Military success seems to be brushing earlier Western appeasement and unpreparedness under the carpet, just when it should be exposed in the spotlight.
Recall that back in February, Point of Order’s cautious hopes of successful Ukrainian resistance were not widely shared.
So the blunting of aggression against a flawed but plural democratic nation is an astonishing – and perhaps even undeserved – gift. It might be wise not to waste it.
Thirdly, this is a war with a system, rather than a country.
To understand it, you could do worse than browse The Russia Conundrum by former billionaire oligarch and political prisoner Mikhail Khodorkovsky.
His persecution is glossed over, perhaps because so many believe a successful Russian businessman must be a crook.
He offers his six years in the gulag and the confiscation of his business – when he could have chosen collaboration with Putin – as evidence of his commitment to liberal values and his country’s welfare.
And as a Russian and an insider, he provides a vivid picture of the creation from the security apparatus of a governing class that is a law unto itself.
During Putin’s twenty two years in power, it has systematically eliminated the bases of civil society: security of property and the fruits of labour; reliable justice and restraints on state power; fair competition for the right to govern; the opportunity and ability to organise, express and disseminate alternatives.
What Khodorkovsky captures is the thoroughness of the transformation. According to his numbers (unverified and perhaps unverifiable) the governing class takes 10% of Russia’s GDP through corruption: a tithe, but much more destructive of welfare. One in six entrepreneurial businesses has been stolen from its owner (the rest presumably operating under ‘protection’).
The contrast with China is stark. Deng Xiaoping also toiled for nearly twenty years but in a different direction.

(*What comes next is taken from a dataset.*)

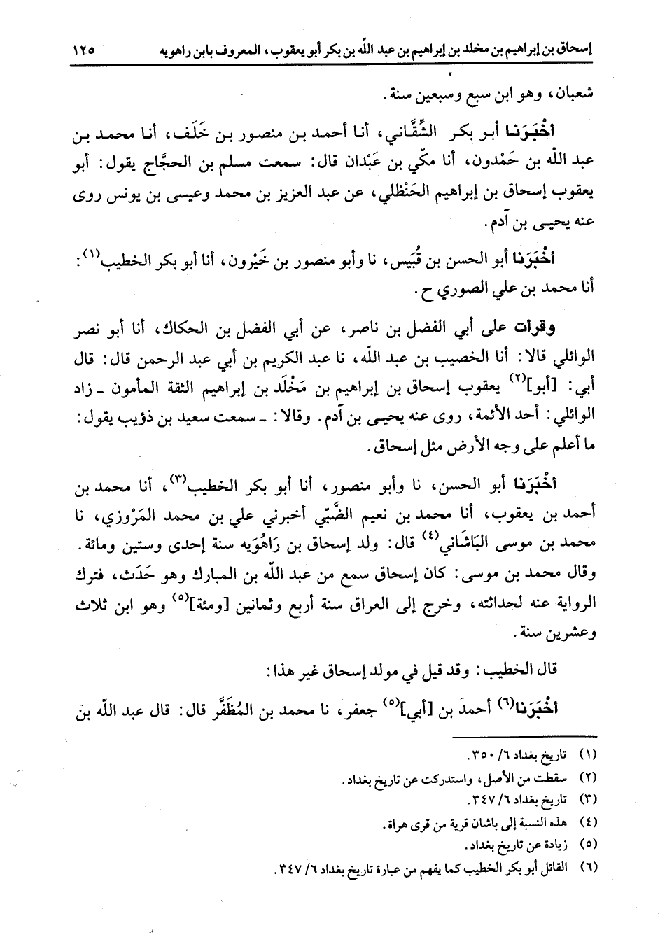شعبان وهو ابن سبع وسبعين سنة أخبرنا أبو بكر الشقاني أنا أحمد بن منصور بن خلف أنا محمد بن عبد الله بن حمدون أنا مكي بن عبدان قال سمعت مسلم بن الحجاج يقول أبو يعقوب إسحاق بن إبراهيم الحنظلي عن عبد العزيز بن محمد وعيسى بن يونس روى عنه يحيى بن آدم أخبرنا أبو الحسن بن قبيس نا وأبو منصور بن خيرون أنا أبو بكر الخطيب (1) أنا محمد بن علي الصوري وقرأت على أبي الفضل بن ناصر عن أبي الفضل بن الحكاك أنا أبو نصر الوائلي قالا أنا الخصيب بن عبد الله نا عبد الكريم بن أبي عبد الرحمن قال قال أبي أبو (2) يعقوب إسحاق بن إبراهيم بن مخلد بن إبراهيم الثقة المأمون زاد الوائلي أحد الأئمة روى عنه يحيى بن آدم وقالا سمعت سعيد بن ذؤيب يقول ما أعلم على وجه الأرض مثل إسحاق أخبرنا أبو الحسن نا وأبو منصور أنا أبو بكر الخطيب أنا محمد بن أحمد بن يعقوب أنا محمد بن نعيم الضبي أخبرني علي بن محمد المروزي نا محمد بن موسى الباشاني (4) قال ولد إسحاق بن راهويه سنة إحدى وستين ومائة وقال محمد بن موسى كان إسحاق سمع من عبد الله بن المبارك وهو حدث فترك الرواية عنه لحداثته وخرج إلى العراق سنة أربع وثمانين ومئة (5) وهو ابن ثلاث وعشرين سنة قال الخطيب وقد قيل في مولد إسحاق غير هذا أخبرنا (6) أحمد بن أبي (5) جعفر نا محمد بن المظفر قال قال عبد الله بن

He sought to convince the workers and peasants that the Communist party would respect the fruits of their labour – just as long as they did not challenge its governance (and hence the significance of President Xi’s recent signals that he might renegotiate the bargain).
This suppression of independent activity – social and entrepreneurial – would now appear to be Russia’s chief source of political and economic weakness.
It should clarify that the principal enemy is the Russian governing class, rather than the Russian people.
And that we all win if the Russian people can be helped to turn round the course of the last twenty two years.
Don’t forget then, that in all that time the only people who have come near to inflicting a political defeat on that class are a handful of American (and British) trained Ukrainian men.
So it might be a good idea to be very clear what you are negotiating about, before starting.